------ Information shown
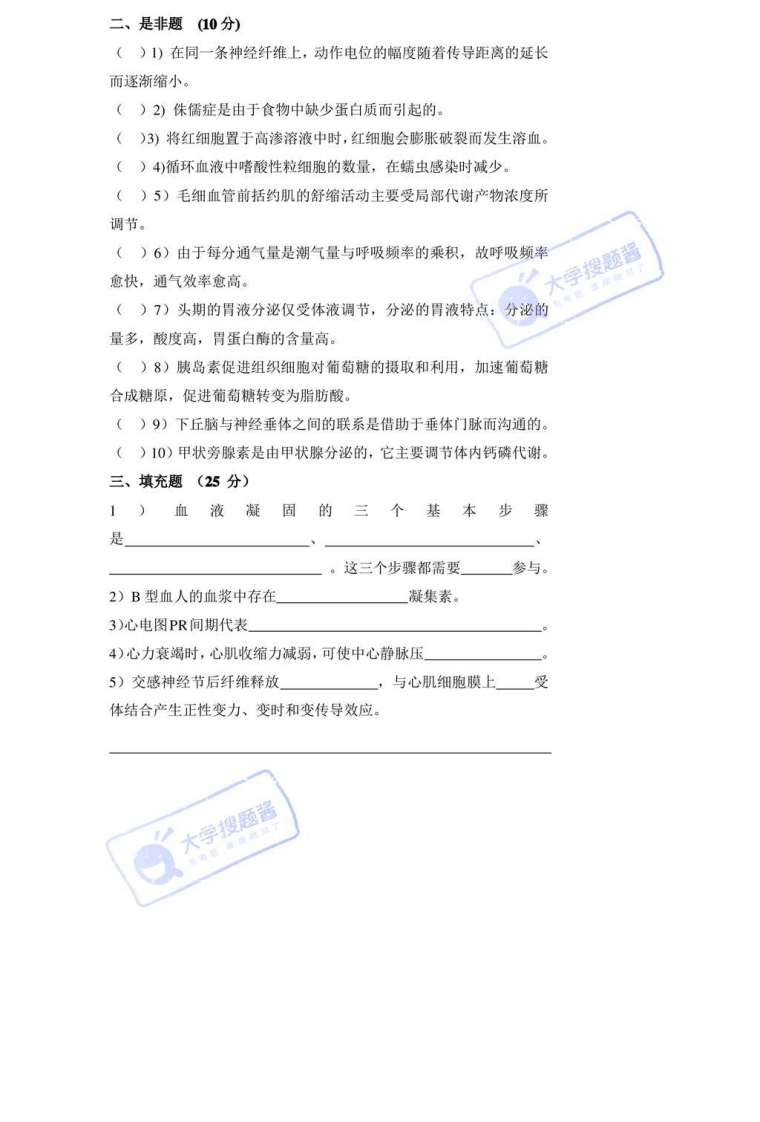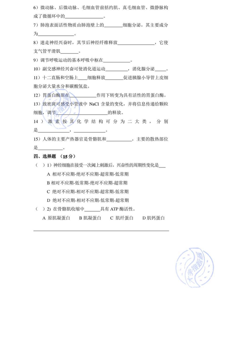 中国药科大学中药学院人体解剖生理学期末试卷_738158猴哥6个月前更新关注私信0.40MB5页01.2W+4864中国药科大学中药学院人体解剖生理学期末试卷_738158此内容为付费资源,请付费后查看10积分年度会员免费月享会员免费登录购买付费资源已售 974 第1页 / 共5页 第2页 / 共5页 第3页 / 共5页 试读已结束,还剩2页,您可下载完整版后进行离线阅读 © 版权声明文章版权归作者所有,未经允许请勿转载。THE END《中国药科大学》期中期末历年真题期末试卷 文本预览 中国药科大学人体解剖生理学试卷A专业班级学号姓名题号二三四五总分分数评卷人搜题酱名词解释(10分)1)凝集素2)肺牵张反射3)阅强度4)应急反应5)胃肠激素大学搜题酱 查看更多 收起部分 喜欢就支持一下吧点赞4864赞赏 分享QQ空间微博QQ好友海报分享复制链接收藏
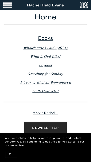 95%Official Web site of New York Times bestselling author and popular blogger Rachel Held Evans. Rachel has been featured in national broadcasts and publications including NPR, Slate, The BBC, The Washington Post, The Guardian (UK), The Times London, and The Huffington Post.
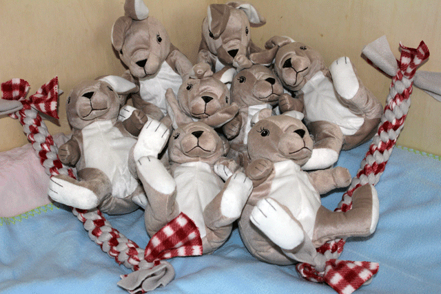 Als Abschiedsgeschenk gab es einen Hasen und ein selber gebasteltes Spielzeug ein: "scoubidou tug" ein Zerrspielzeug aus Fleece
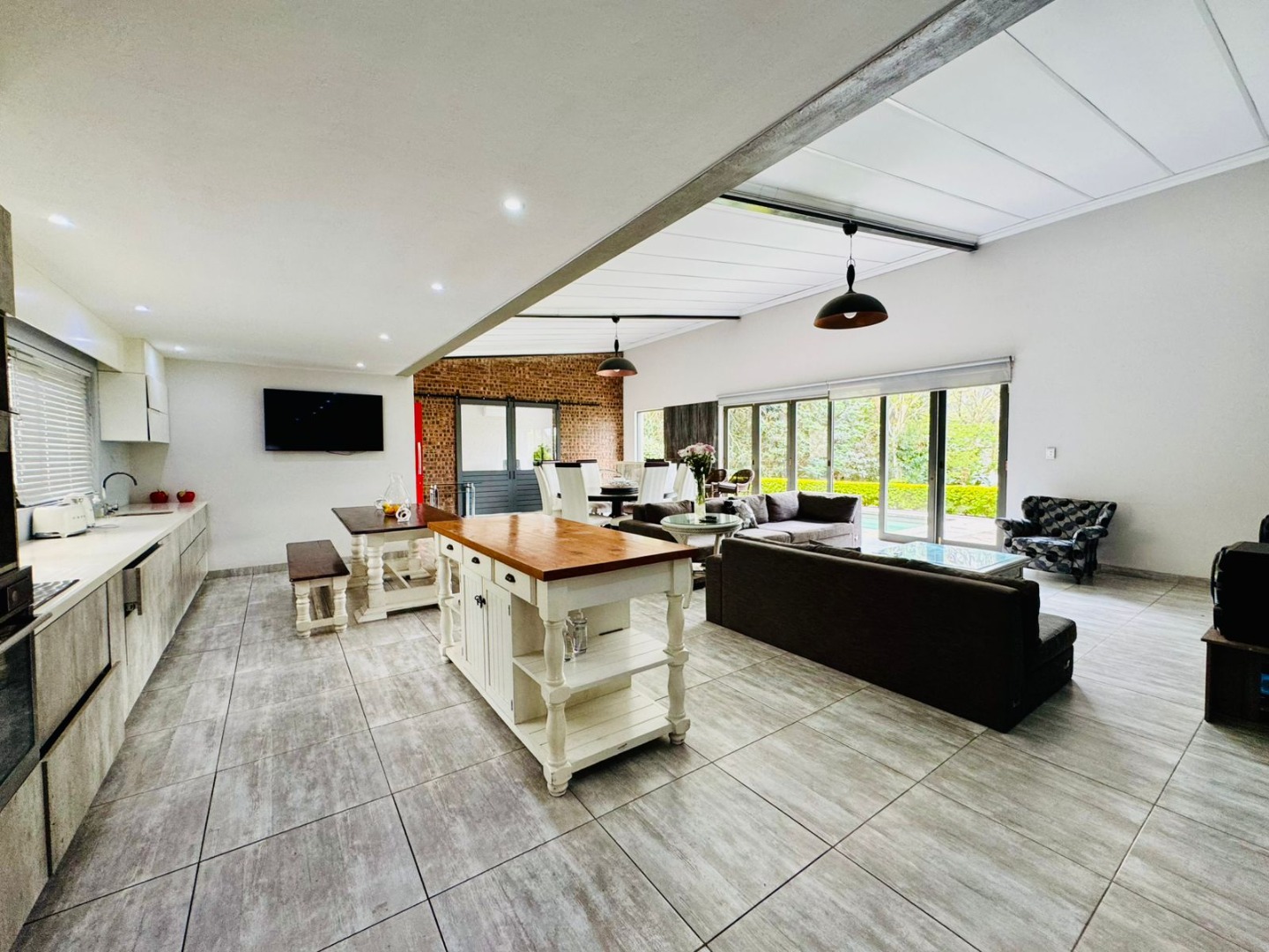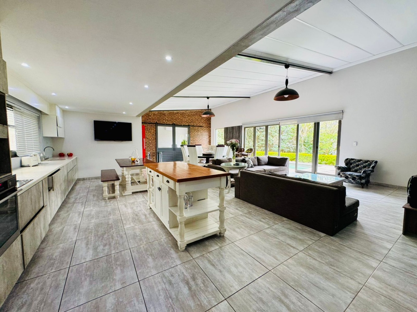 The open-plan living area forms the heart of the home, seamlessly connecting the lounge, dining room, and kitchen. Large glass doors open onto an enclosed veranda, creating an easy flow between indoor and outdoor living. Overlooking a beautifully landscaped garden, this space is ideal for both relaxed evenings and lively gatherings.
------------
▶ _Instructions for the task_
Please reproduce the lines above from the one containing "Als Abschiedsgeschenk gab" through the final line, exactly and inclusively, leaving out each picture.

▶ _Response to this task_
 Als Abschiedsgeschenk gab es einen Hasen und ein selber gebasteltes Spielzeug ein: "scoubidou tug" ein Zerrspielzeug aus Fleece
 The open-plan living area forms the heart of the home, seamlessly connecting the lounge, dining room, and kitchen. Large glass doors open onto an enclosed veranda, creating an easy flow between indoor and outdoor living. Overlooking a beautifully landscaped garden, this space is ideal for both relaxed evenings and lively gatherings.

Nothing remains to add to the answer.